Directions for this task
Every line of the listing belongs in your answer exactly as written; the images do not.

Dataset extract

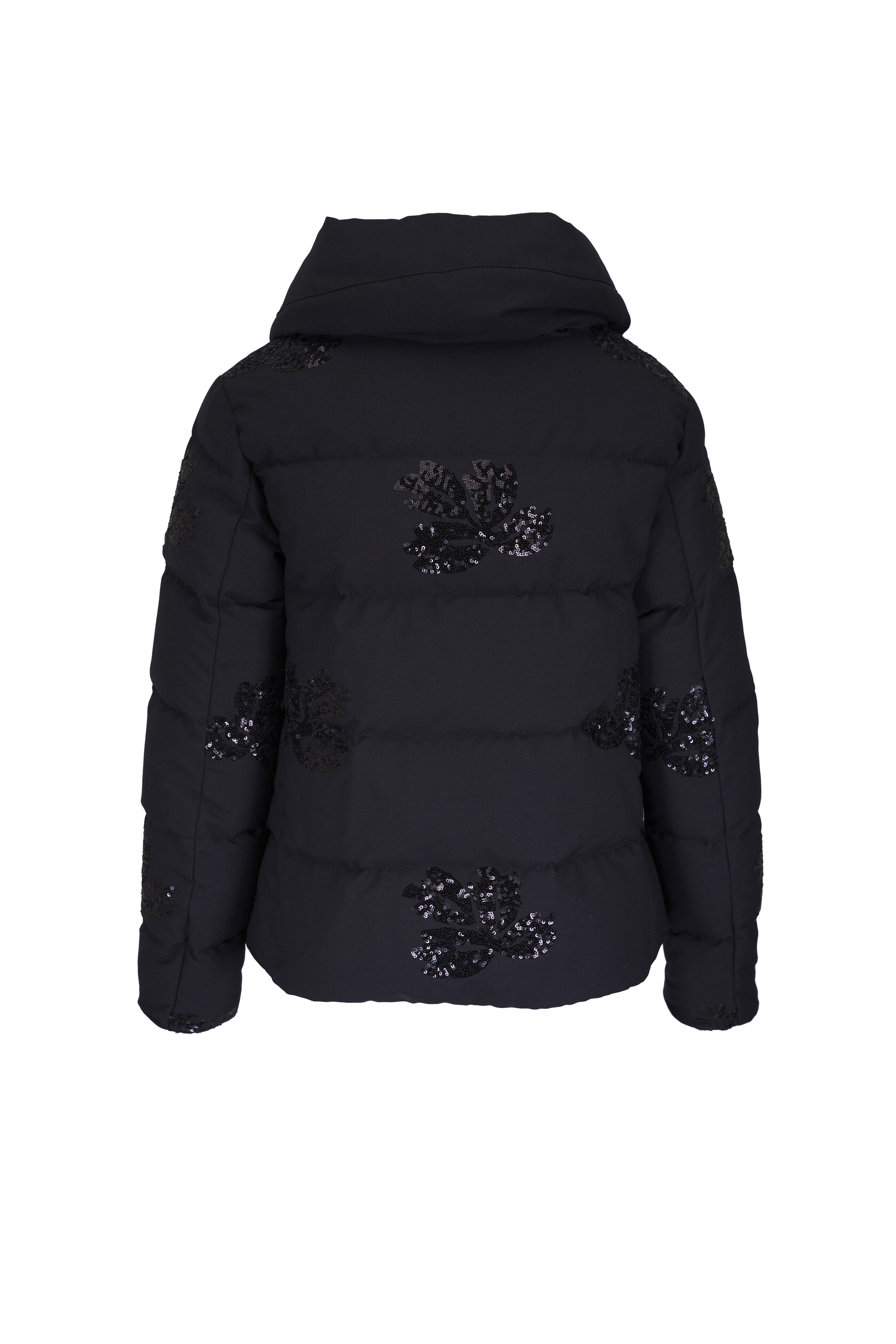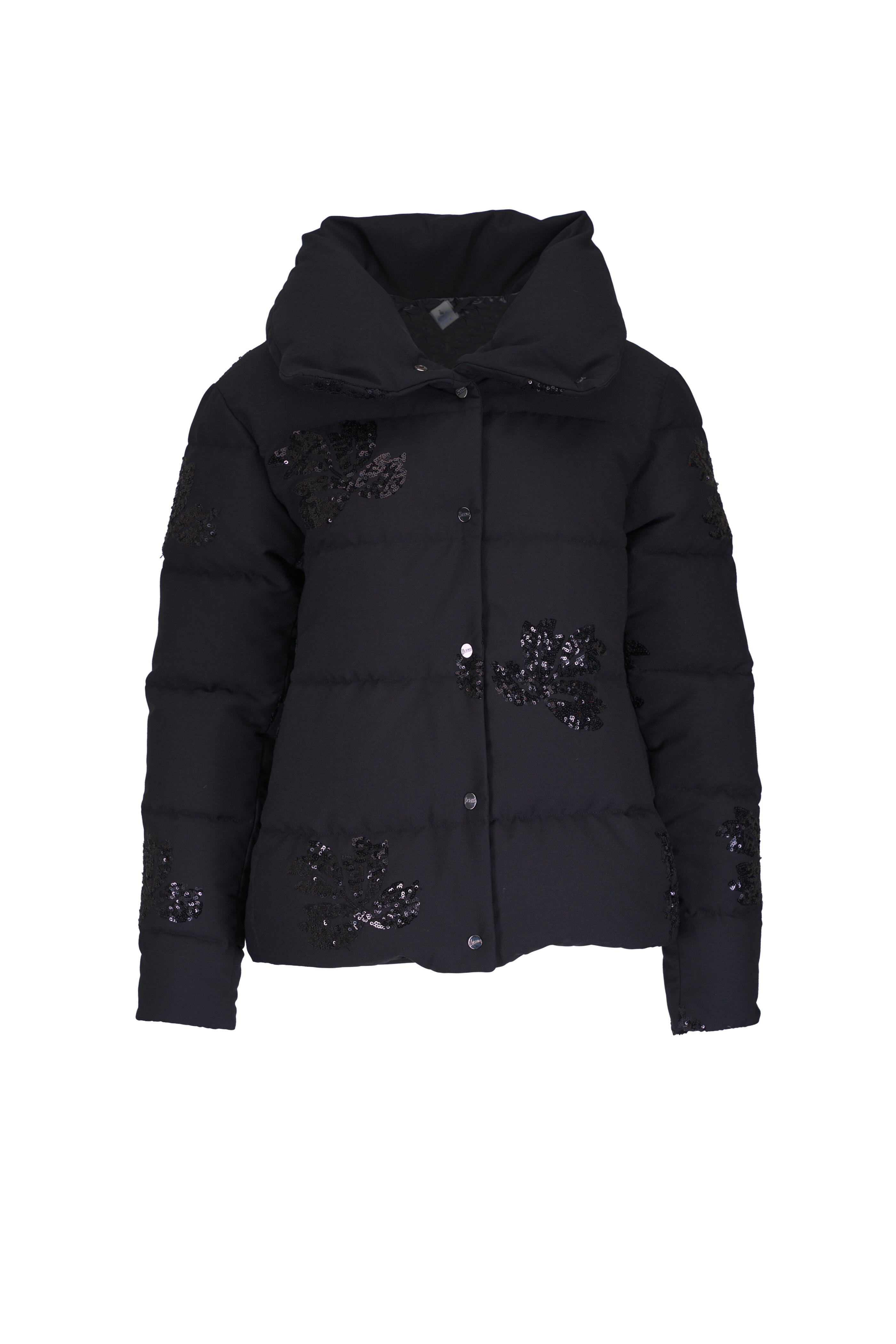 Stand collar. Snap closure. Lower slip pockets. Water and wind proof. Embellished with sequin. Straight hem. Imported. Classic fit. Shoulder to hem 23" (size 2). 100% polyamide; fill: 80% down, 20% feathers. Hand wash.
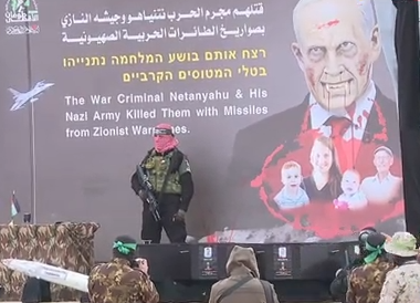 وفي مشهد يتسم بالرمزية والتوتر، أقامت كتائب القسام منصة ضخمة في موقع التسليم تحمل صورة رئيس الوزراء الإسرائيلي بنيامين نتنياهو، مع رسم ملامحه كـ "مصاص دماء" متدفق الدماء من فمه، وهو ما اعتُبر رسالة واضحة تحمل المسؤولية عن مقتل الرهائن.
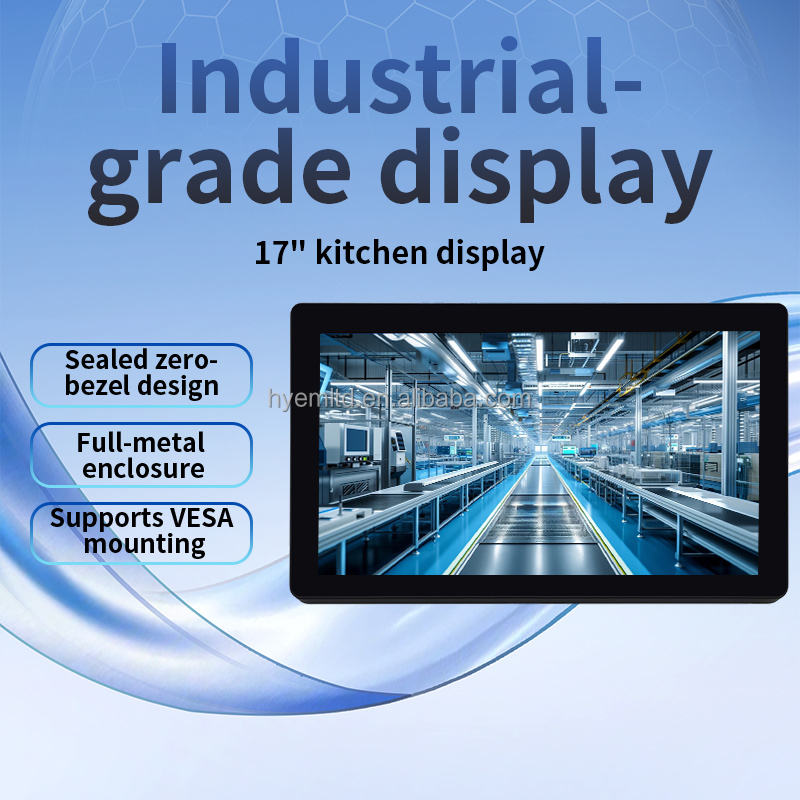 Pantalla de Cocina Interior de 17 Pulgadas, 12V, con Construcción Metálica, Brillo de 250cd, Montaje VESA

Reply to the task
 Stand collar. Snap closure. Lower slip pockets. Water and wind proof. Embellished with sequin. Straight hem. Imported. Classic fit. Shoulder to hem 23" (size 2). 100% polyamide; fill: 80% down, 20% feathers. Hand wash.
 وفي مشهد يتسم بالرمزية والتوتر، أقامت كتائب القسام منصة ضخمة في موقع التسليم تحمل صورة رئيس الوزراء الإسرائيلي بنيامين نتنياهو، مع رسم ملامحه كـ "مصاص دماء" متدفق الدماء من فمه، وهو ما اعتُبر رسالة واضحة تحمل المسؤولية عن مقتل الرهائن.
 Pantalla de Cocina Interior de 17 Pulgadas, 12V, con Construcción Metálica, Brillo de 250cd, Montaje VESA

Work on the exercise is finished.